▶ **Problem requirements**: Everything from the first line of the material to the line containing "Evolution of the", inclusive, must be given again exactly; no pictures, and nothing past that line.

▶ **Records shown**:
·····

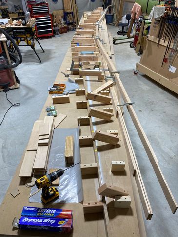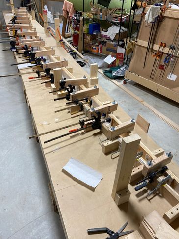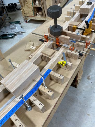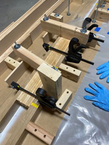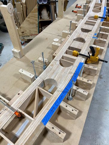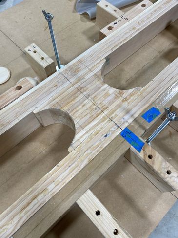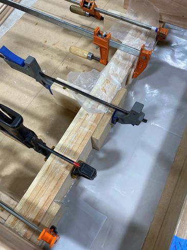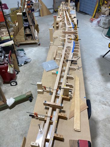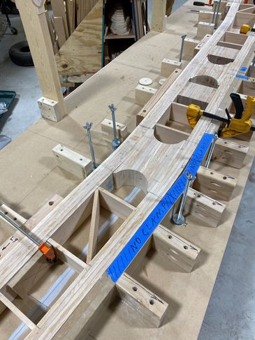 My friend has returned home and I'll have to go back to work on Monday. We got a lot done while he was here, though far less than I had hoped, due to the cracked laminates and having to make and glue scarfs into all four of the lower ones. Still, everything that really needed two people has been done. Thanks Arild!
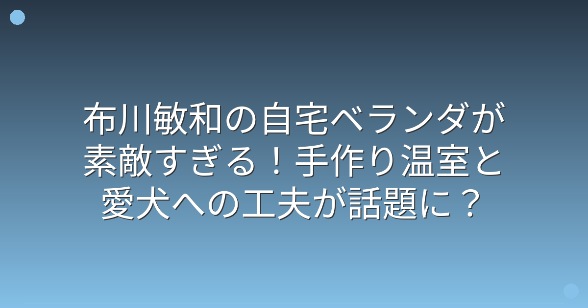 そこで今回は、布川敏和さんの自宅ベランダの詳細や、そこに込められた工夫について詳しく見ていきましょう!
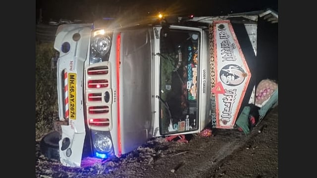 कांदा घेऊन निघालेल्या पिकपचा अचानक मागील टायर फुटून ती पलटी होऊन झालेल्या अपघातात तिघांचा मृत्यू झाला.
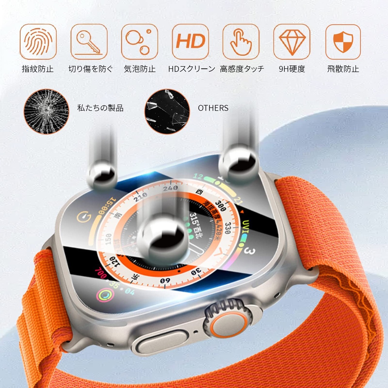 高品質素材: Apple Watch フィルムは日本製旭硝子フィルムのPET複合材 。本製品は100000回以上もテストされており、摩擦および衝撃による損傷はなく、スマートウォッチ本来の美しさをそのままに保つことが可能です。
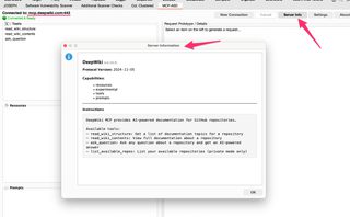 MCP servers can also advertise information about themselves, which can be retrieved using the Server Info button.
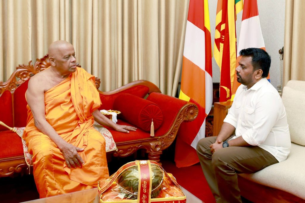 President Anura Kumara Dissanayake yesterday morning (06) visited the Asgiri Maha Viharaya and paid respects to the Mahanayake Thera of the Asgiri Chapter, Most Venerable Warakagoda Sri Gnanarathana Thera, from whom he received blessings.
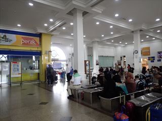 駅に入り、まずはクアラルンプールまでの列車の時刻を調べてみた。最初は窓口で聞くつもりだったが、ガラスに時刻表が貼ってあり、すぐに調べられたのは助かった。
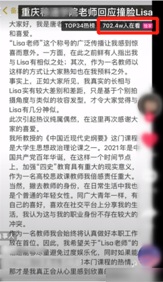 眼看见这个话题的热度越来越高,撞脸Lisa的教师也坐不住了,选择从三个方面回应。
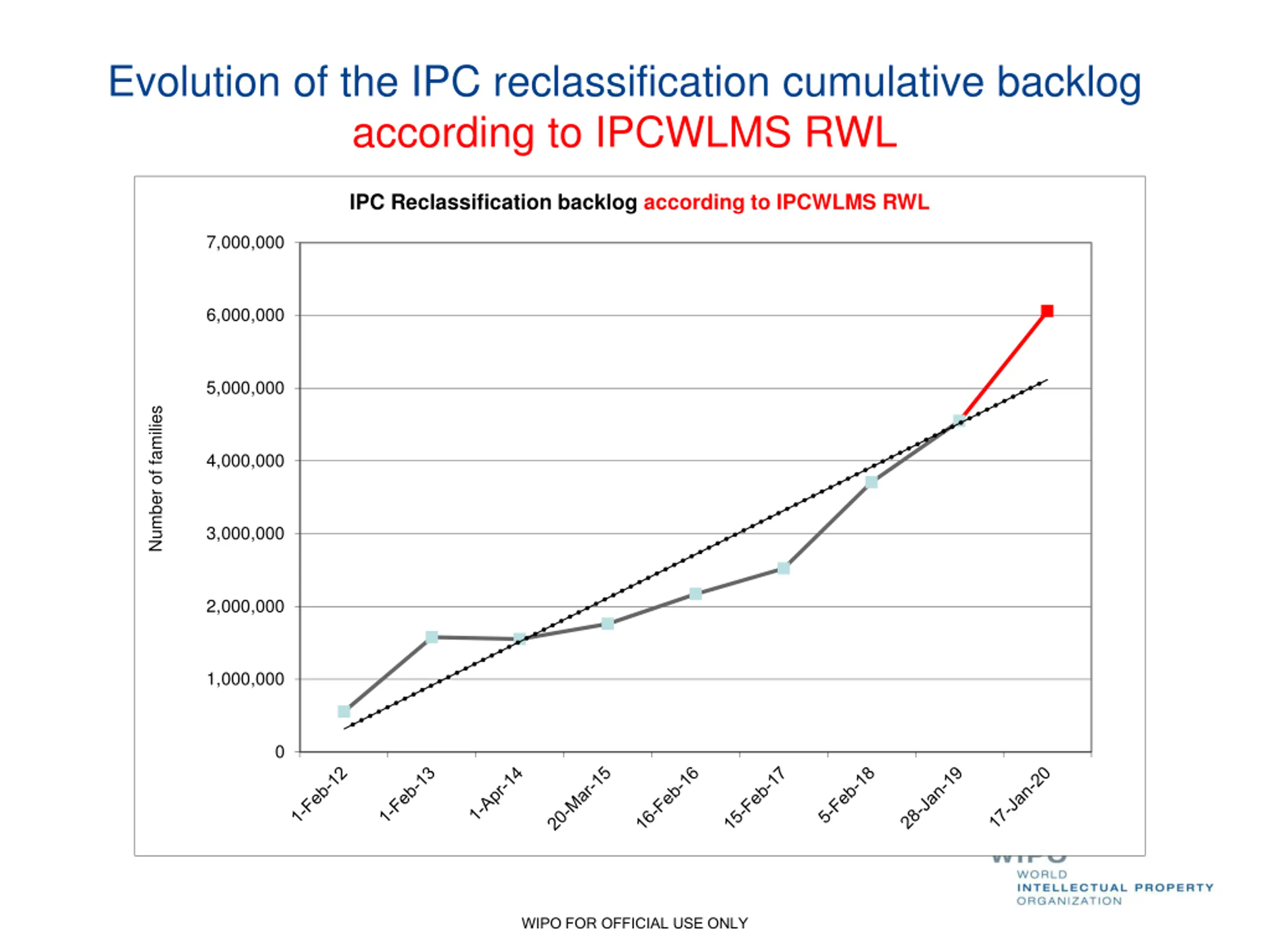 Evolution of the IPC reclassification cumulative backlog according to IPCWLMS RWL IPC Reclassification backlog according to IPCWLMS RWL 7,000,000 6,000,000 5,000,000 Number of families 4,000,000 3,000,000 2,000,000 1,000,000 0 WIPO FOR OFFICIAL USE ONLY
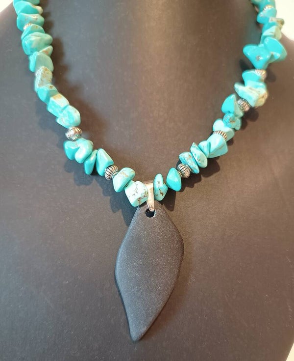 Ett lyxigt halsband med turkos-stenar. och ett svart glashänge som har polerats av havet. Mellan turkos-stenarna är en liten tibetansk metallpärla.
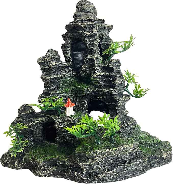 - Compatible size: the extra large aquarium mountain decoration is about 10.3 in(L) x 5.8 in(W) x 11 in(H);it comes with small artificial plants and the small red pagoda to aid in landscaping,fish can hiding behind their leaves, making funny together; the aquarium decor provides several rock cave,which allows small fish to play and rest blithely in and around it; it is suitable for middle and Large aquarium landscaping
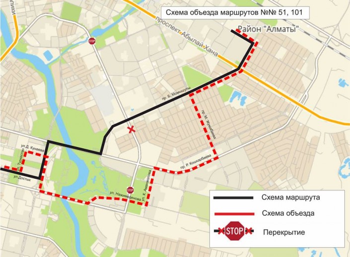От начального остановочного пункта "Ж/М "Железнодорожный" до пересечения проспекта М. Жумабаева - Б. Момышулы без изменений, далее прямо по М. Жумабаева - Р. Кошкарбаева - К. Аманжолова - Нажимеденова, далее по существующей схеме движения. В обратном направлении по аналогичной схеме движения.
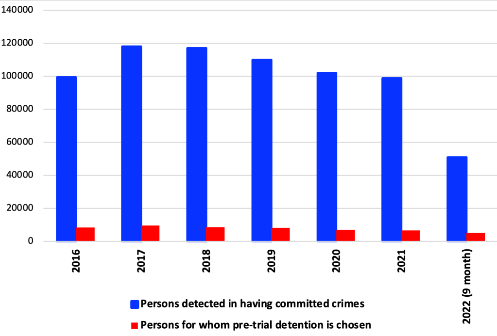 In the period of nine months of 2022, there has been a permanent trend of increasing of suspects arrested during pre-trail investigation even in absolute numbers.
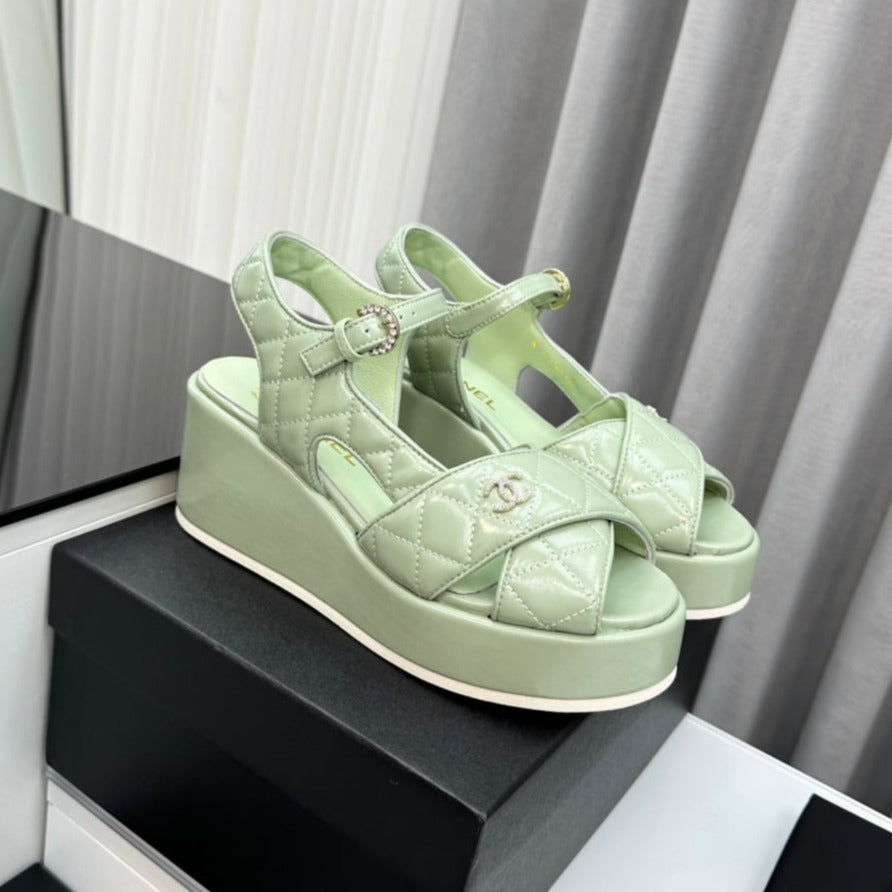 high heel sandals light green quilted lambskin 95
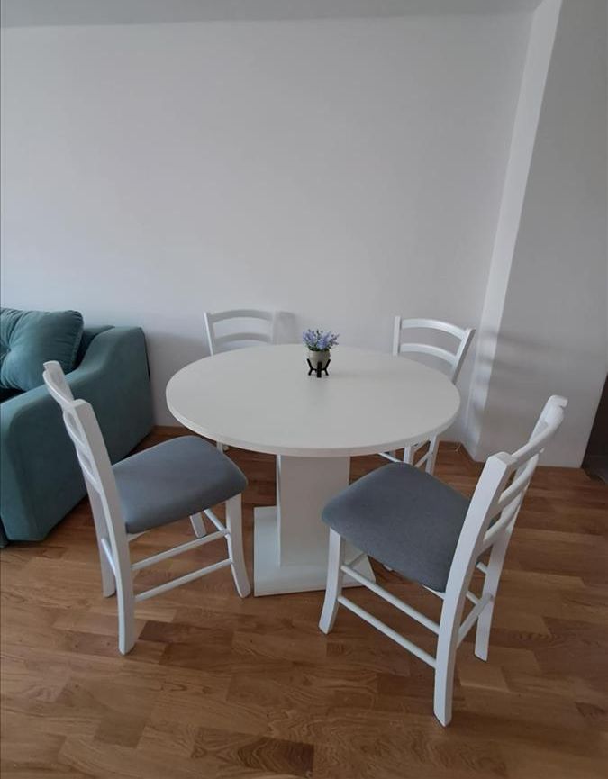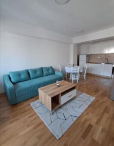 A brand-new, never-before-occupied two-room apartment with an area of 43m² is available for rent in the heart of Centar, in the quiet and attractive neighborhood of Madzir Maalo. Located on the 5th floor of a new building with an elevator, the apartment is fully equipped with new furniture and modern appliances. It features a living room, kitchen with dining area, one bedroom, bathroom, and a balcony with southeast orientation. Perfect for individuals or couples seeking modern urban living with convenient access to all amenities.

·····

▶ **Answer area**:
 My friend has returned home and I'll have to go back to work on Monday. We got a lot done while he was here, though far less than I had hoped, due to the cracked laminates and having to make and glue scarfs into all four of the lower ones. Still, everything that really needed two people has been done. Thanks Arild!
 そこで今回は、布川敏和さんの自宅ベランダの詳細や、そこに込められた工夫について詳しく見ていきましょう!
 कांदा घेऊन निघालेल्या पिकपचा अचानक मागील टायर फुटून ती पलटी होऊन झालेल्या अपघातात तिघांचा मृत्यू झाला.
 高品質素材: Apple Watch フィルムは日本製旭硝子フィルムのPET複合材 。本製品は100000回以上もテストされており、摩擦および衝撃による損傷はなく、スマートウォッチ本来の美しさをそのままに保つことが可能です。
 MCP servers can also advertise information about themselves, which can be retrieved using the Server Info button.
 President Anura Kumara Dissanayake yesterday morning (06) visited the Asgiri Maha Viharaya and paid respects to the Mahanayake Thera of the Asgiri Chapter, Most Venerable Warakagoda Sri Gnanarathana Thera, from whom he received blessings.
 駅に入り、まずはクアラルンプールまでの列車の時刻を調べてみた。最初は窓口で聞くつもりだったが、ガラスに時刻表が貼ってあり、すぐに調べられたのは助かった。
 眼看见这个话题的热度越来越高,撞脸Lisa的教师也坐不住了,选择从三个方面回应。
 Evolution of the IPC reclassification cumulative backlog according to IPCWLMS RWL IPC Reclassification backlog according to IPCWLMS RWL 7,000,000 6,000,000 5,000,000 Number of families 4,000,000 3,000,000 2,000,000 1,000,000 0 WIPO FOR OFFICIAL USE ONLY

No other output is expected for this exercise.